Leave out the pictures and set down exactly the lines from the start of the listing through the one with "100V 50/60Hz 700㎏/×5L/min", both included.

※ ※ ※

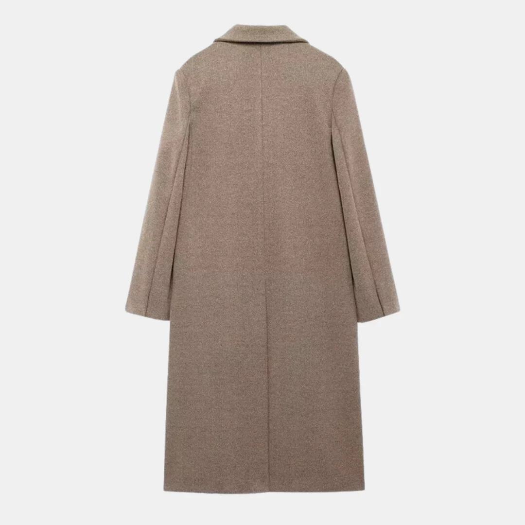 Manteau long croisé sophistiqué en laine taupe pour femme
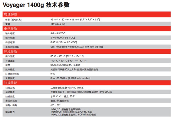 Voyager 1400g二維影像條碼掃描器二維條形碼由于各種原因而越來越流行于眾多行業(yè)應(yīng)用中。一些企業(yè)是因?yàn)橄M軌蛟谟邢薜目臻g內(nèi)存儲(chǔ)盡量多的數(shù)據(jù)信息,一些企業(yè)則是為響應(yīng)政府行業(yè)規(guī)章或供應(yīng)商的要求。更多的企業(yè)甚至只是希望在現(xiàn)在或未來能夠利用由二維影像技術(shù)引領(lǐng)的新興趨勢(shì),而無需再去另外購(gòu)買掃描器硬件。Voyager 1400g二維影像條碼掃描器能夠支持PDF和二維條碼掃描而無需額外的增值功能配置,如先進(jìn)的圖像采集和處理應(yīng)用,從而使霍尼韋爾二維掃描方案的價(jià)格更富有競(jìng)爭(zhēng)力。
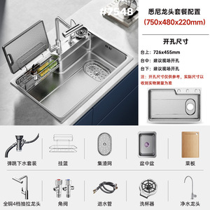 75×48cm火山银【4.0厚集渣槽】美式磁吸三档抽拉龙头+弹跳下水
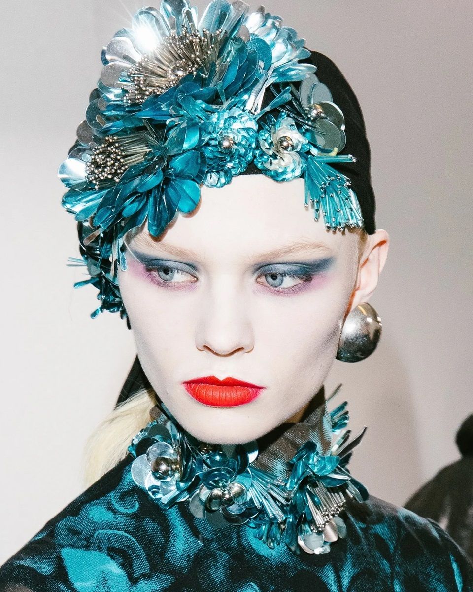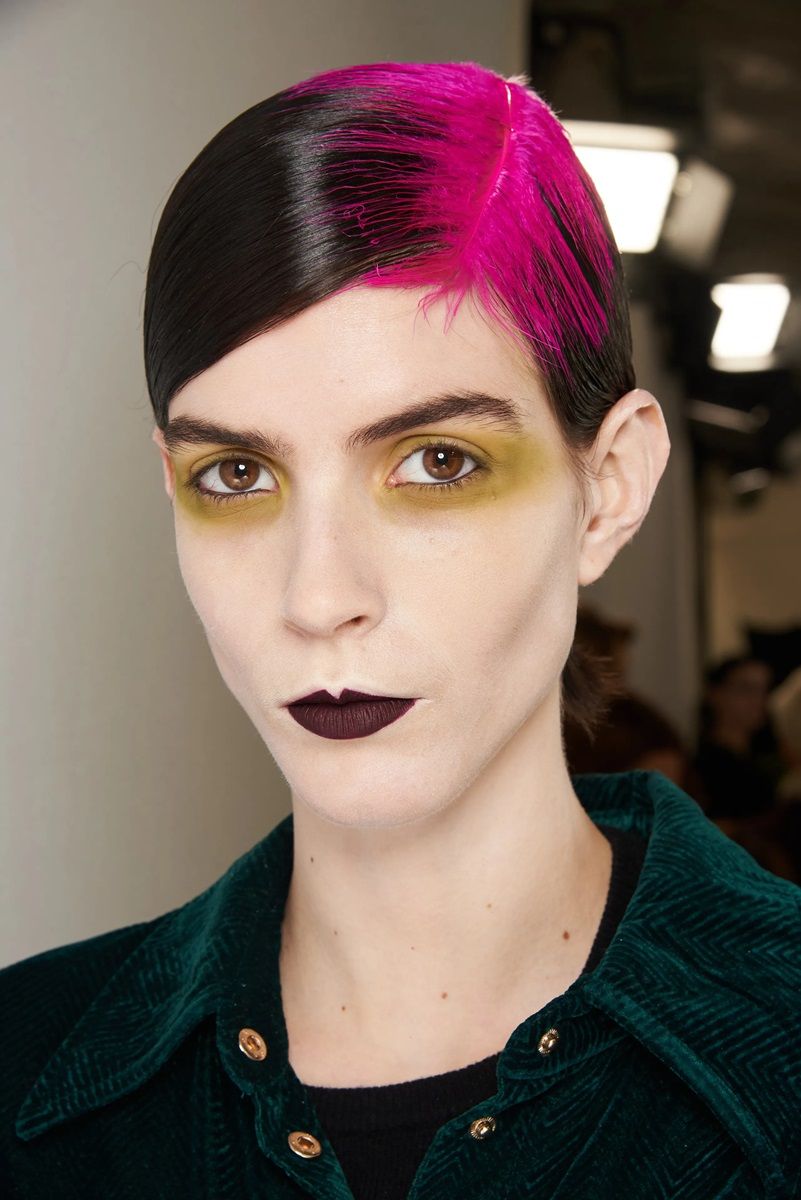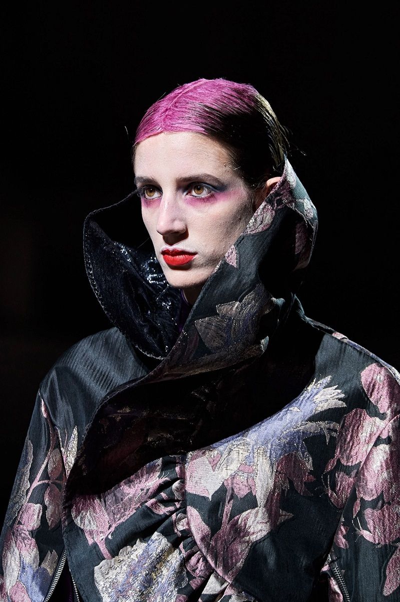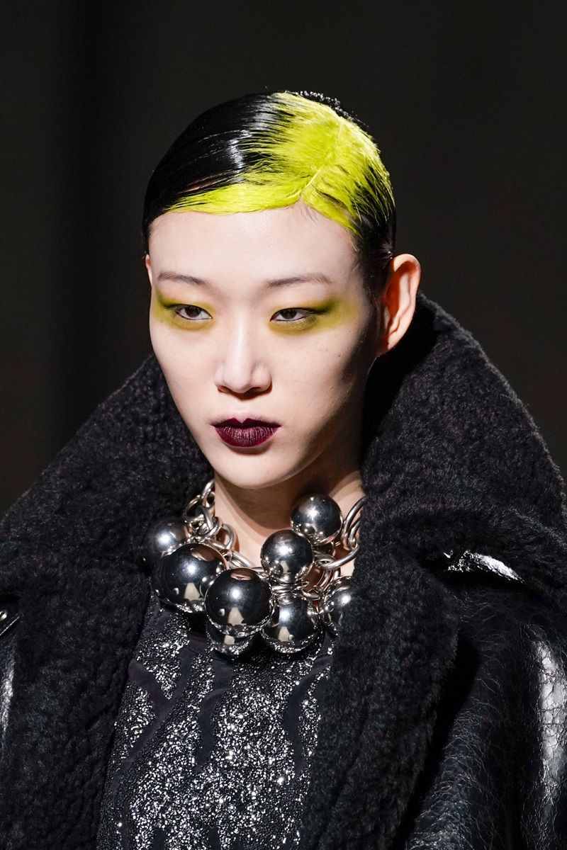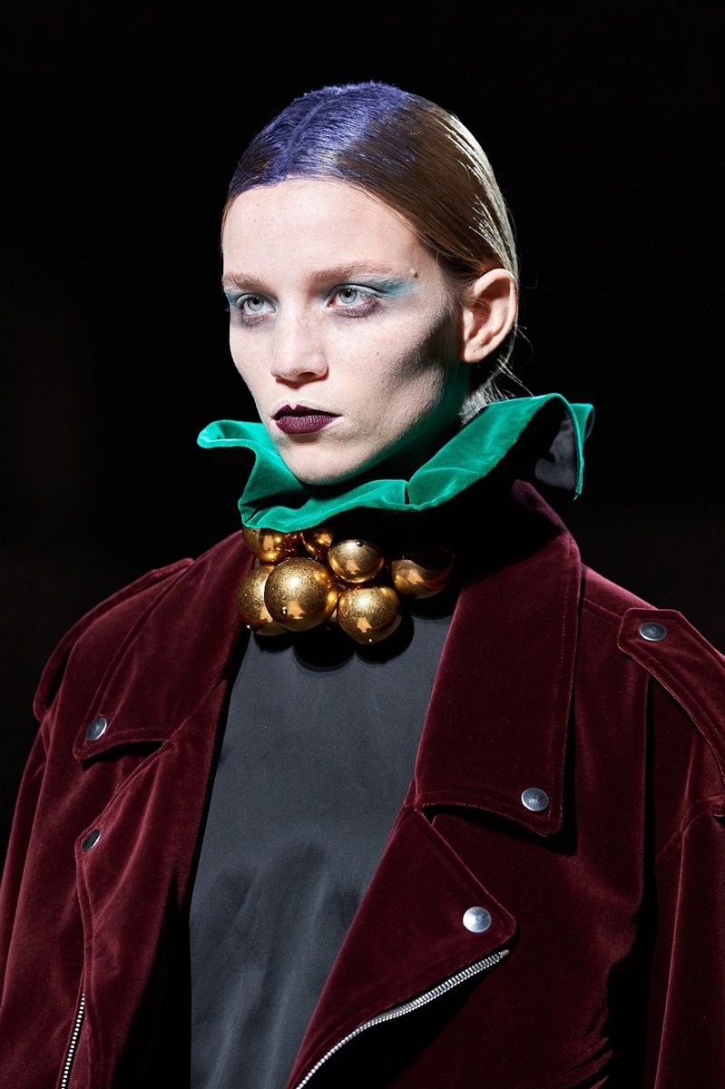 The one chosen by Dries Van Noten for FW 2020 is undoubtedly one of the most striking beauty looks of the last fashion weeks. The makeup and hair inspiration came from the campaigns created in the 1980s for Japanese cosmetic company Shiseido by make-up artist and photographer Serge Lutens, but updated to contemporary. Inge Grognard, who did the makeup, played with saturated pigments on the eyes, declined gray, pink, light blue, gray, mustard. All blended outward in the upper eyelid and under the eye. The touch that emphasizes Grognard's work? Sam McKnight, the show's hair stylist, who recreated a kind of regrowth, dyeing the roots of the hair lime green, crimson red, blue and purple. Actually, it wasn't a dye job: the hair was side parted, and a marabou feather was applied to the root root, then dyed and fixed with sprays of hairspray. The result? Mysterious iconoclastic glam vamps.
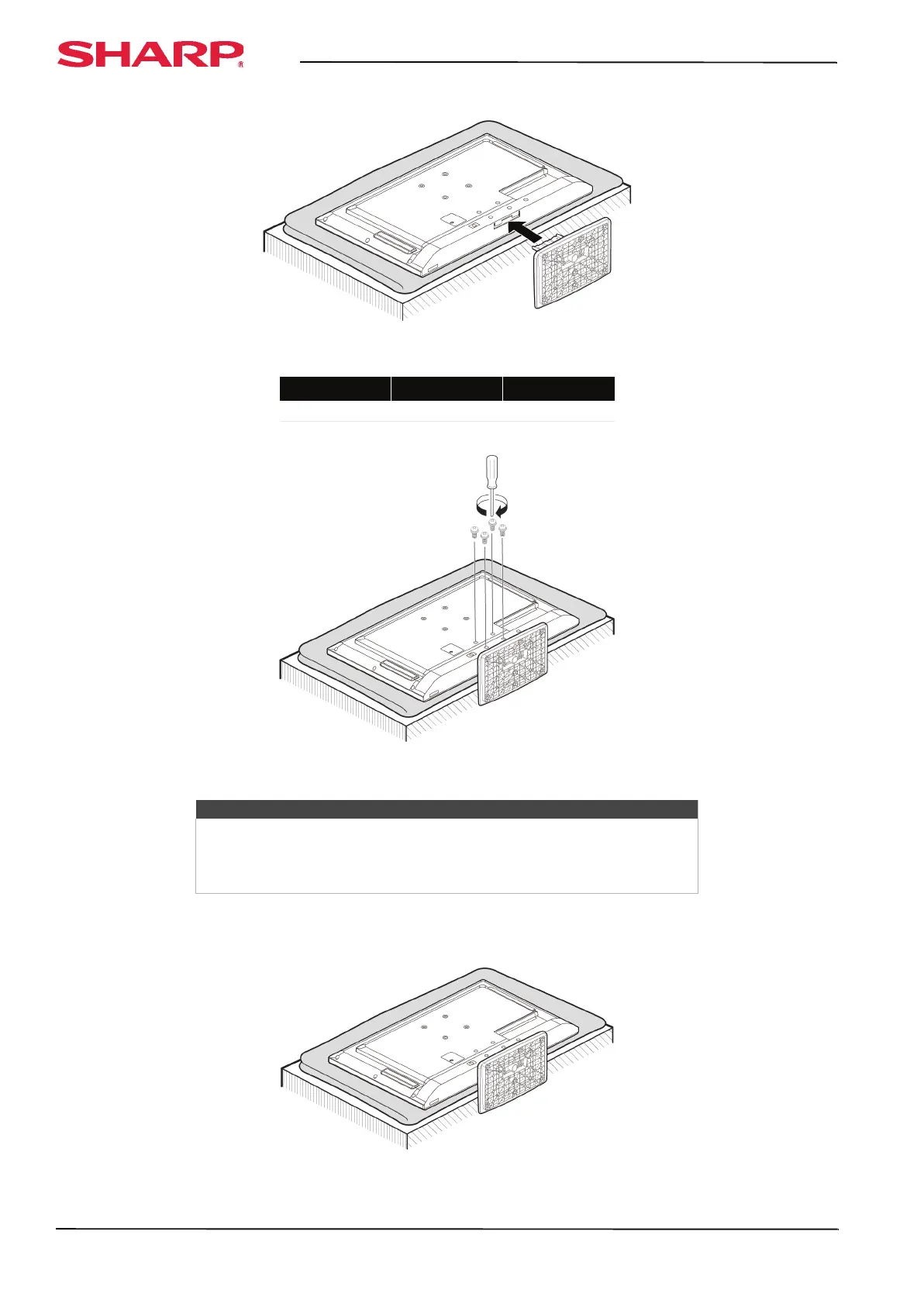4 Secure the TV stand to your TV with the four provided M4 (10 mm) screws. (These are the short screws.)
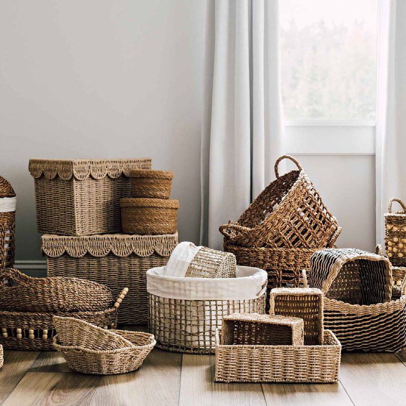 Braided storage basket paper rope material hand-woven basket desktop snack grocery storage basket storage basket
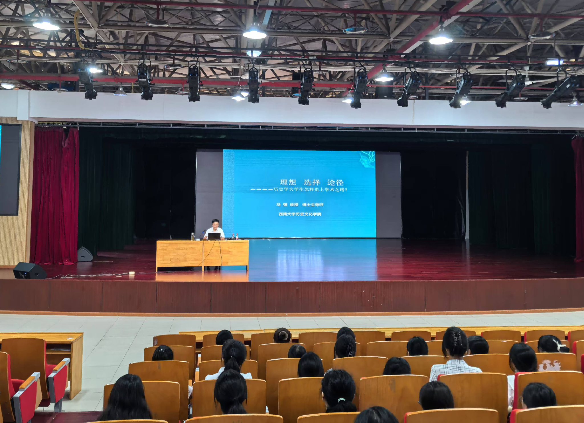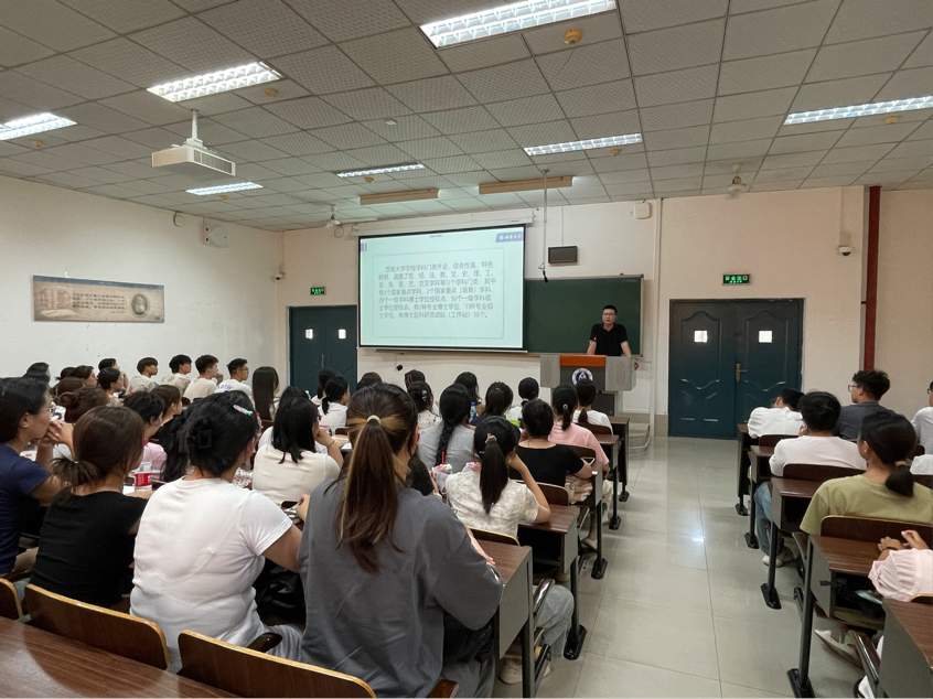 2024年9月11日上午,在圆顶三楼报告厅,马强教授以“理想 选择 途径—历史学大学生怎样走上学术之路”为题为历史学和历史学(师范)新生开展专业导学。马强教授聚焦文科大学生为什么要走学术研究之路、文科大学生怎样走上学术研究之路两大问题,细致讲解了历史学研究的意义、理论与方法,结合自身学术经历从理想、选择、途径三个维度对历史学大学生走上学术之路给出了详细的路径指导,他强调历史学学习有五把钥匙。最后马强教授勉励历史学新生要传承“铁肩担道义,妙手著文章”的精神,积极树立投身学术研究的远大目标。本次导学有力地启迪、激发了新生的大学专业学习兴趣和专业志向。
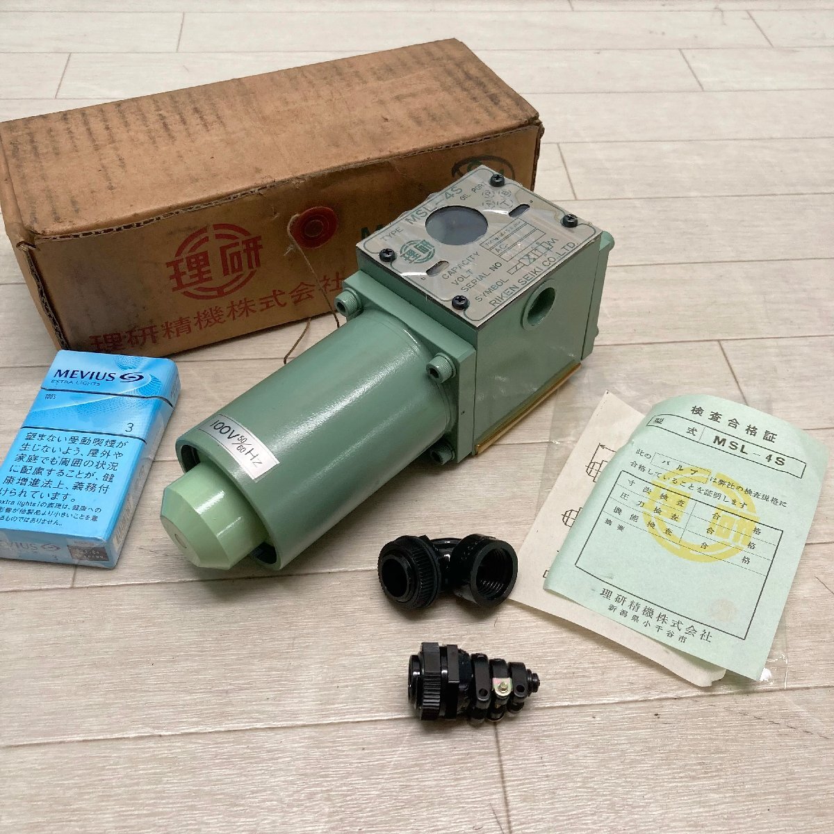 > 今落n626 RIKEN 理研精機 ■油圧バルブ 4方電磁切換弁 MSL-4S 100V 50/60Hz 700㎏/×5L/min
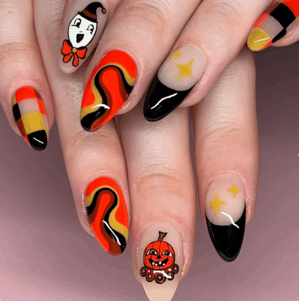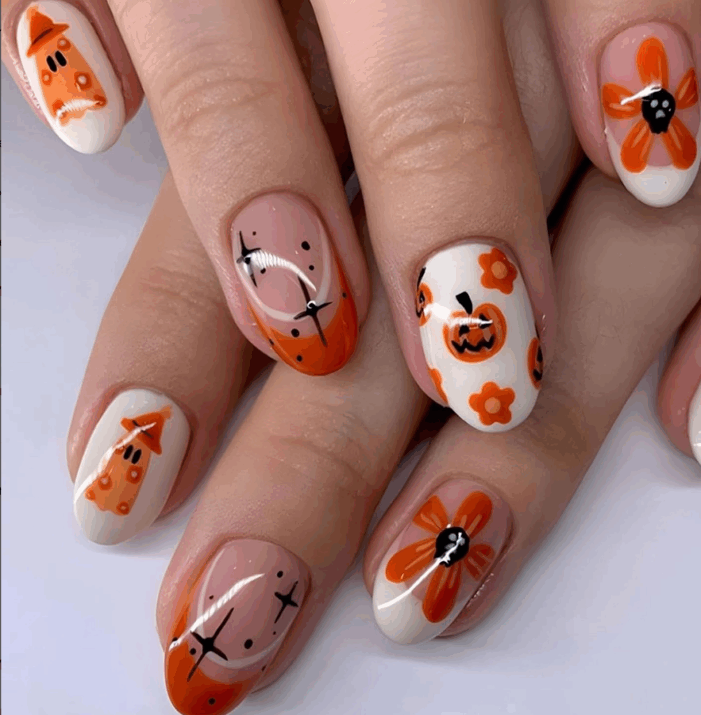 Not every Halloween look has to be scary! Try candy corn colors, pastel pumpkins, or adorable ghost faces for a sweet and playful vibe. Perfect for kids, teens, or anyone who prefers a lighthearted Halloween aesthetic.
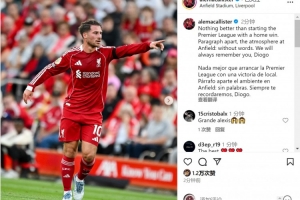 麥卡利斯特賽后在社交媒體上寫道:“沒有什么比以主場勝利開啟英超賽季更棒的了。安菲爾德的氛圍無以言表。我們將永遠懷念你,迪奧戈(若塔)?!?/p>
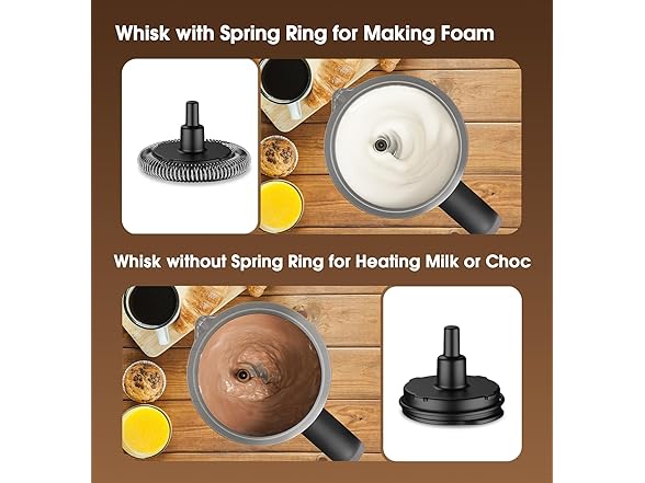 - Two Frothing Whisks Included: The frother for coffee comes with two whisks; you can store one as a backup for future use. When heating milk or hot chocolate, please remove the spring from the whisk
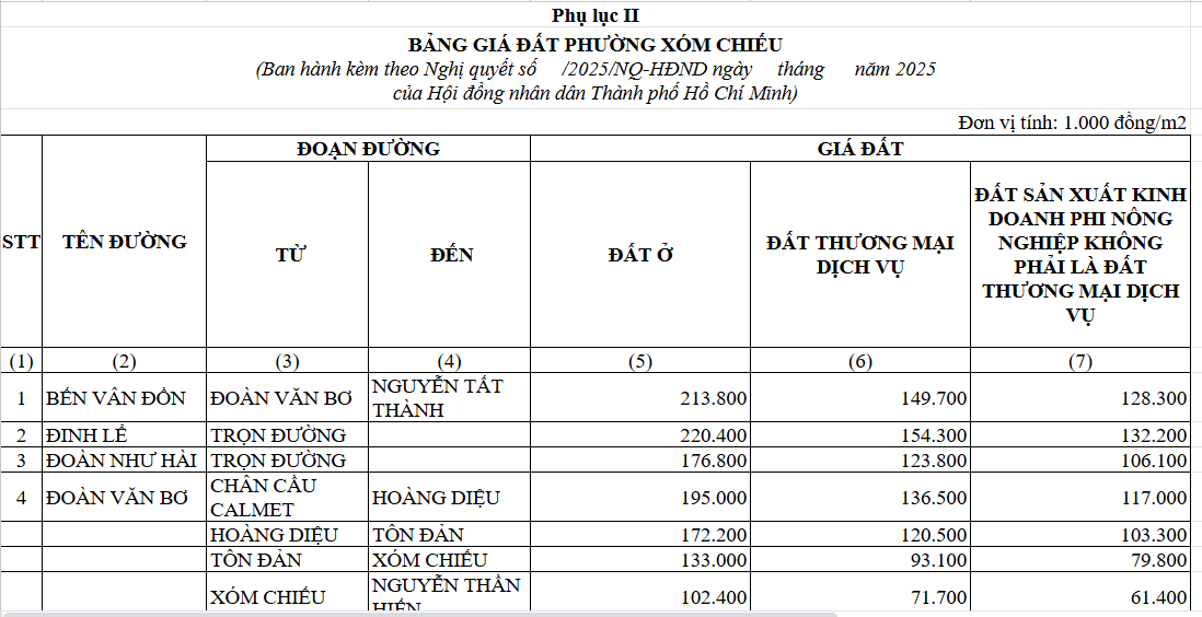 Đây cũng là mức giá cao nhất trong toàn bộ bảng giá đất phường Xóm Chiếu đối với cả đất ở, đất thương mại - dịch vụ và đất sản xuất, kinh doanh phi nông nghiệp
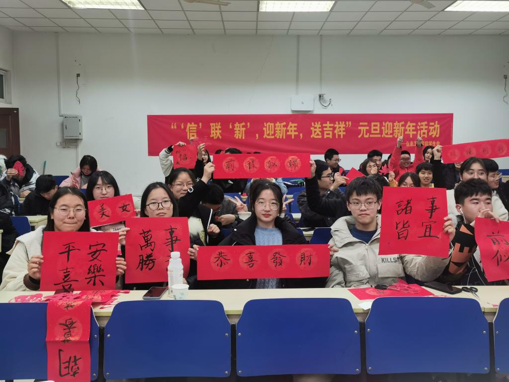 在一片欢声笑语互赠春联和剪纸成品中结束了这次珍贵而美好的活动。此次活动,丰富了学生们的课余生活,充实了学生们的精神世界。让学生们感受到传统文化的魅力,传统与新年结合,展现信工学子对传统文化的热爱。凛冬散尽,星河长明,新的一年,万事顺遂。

※ ※ ※

-- Output --
 Manteau long croisé sophistiqué en laine taupe pour femme
 Voyager 1400g二維影像條碼掃描器二維條形碼由于各種原因而越來越流行于眾多行業(yè)應(yīng)用中。一些企業(yè)是因?yàn)橄M軌蛟谟邢薜目臻g內(nèi)存儲(chǔ)盡量多的數(shù)據(jù)信息,一些企業(yè)則是為響應(yīng)政府行業(yè)規(guī)章或供應(yīng)商的要求。更多的企業(yè)甚至只是希望在現(xiàn)在或未來能夠利用由二維影像技術(shù)引領(lǐng)的新興趨勢(shì),而無需再去另外購(gòu)買掃描器硬件。Voyager 1400g二維影像條碼掃描器能夠支持PDF和二維條碼掃描而無需額外的增值功能配置,如先進(jìn)的圖像采集和處理應(yīng)用,從而使霍尼韋爾二維掃描方案的價(jià)格更富有競(jìng)爭(zhēng)力。
 75×48cm火山银【4.0厚集渣槽】美式磁吸三档抽拉龙头+弹跳下水
 The one chosen by Dries Van Noten for FW 2020 is undoubtedly one of the most striking beauty looks of the last fashion weeks. The makeup and hair inspiration came from the campaigns created in the 1980s for Japanese cosmetic company Shiseido by make-up artist and photographer Serge Lutens, but updated to contemporary. Inge Grognard, who did the makeup, played with saturated pigments on the eyes, declined gray, pink, light blue, gray, mustard. All blended outward in the upper eyelid and under the eye. The touch that emphasizes Grognard's work? Sam McKnight, the show's hair stylist, who recreated a kind of regrowth, dyeing the roots of the hair lime green, crimson red, blue and purple. Actually, it wasn't a dye job: the hair was side parted, and a marabou feather was applied to the root root, then dyed and fixed with sprays of hairspray. The result? Mysterious iconoclastic glam vamps.
4 Secure the TV stand to your TV with the four provided M4 (10 mm) screws. (These are the short screws.)
 Braided storage basket paper rope material hand-woven basket desktop snack grocery storage basket storage basket
 2024年9月11日上午,在圆顶三楼报告厅,马强教授以“理想 选择 途径—历史学大学生怎样走上学术之路”为题为历史学和历史学(师范)新生开展专业导学。马强教授聚焦文科大学生为什么要走学术研究之路、文科大学生怎样走上学术研究之路两大问题,细致讲解了历史学研究的意义、理论与方法,结合自身学术经历从理想、选择、途径三个维度对历史学大学生走上学术之路给出了详细的路径指导,他强调历史学学习有五把钥匙。最后马强教授勉励历史学新生要传承“铁肩担道义,妙手著文章”的精神,积极树立投身学术研究的远大目标。本次导学有力地启迪、激发了新生的大学专业学习兴趣和专业志向。
 > 今落n626 RIKEN 理研精機 ■油圧バルブ 4方電磁切換弁 MSL-4S 100V 50/60Hz 700㎏/×5L/min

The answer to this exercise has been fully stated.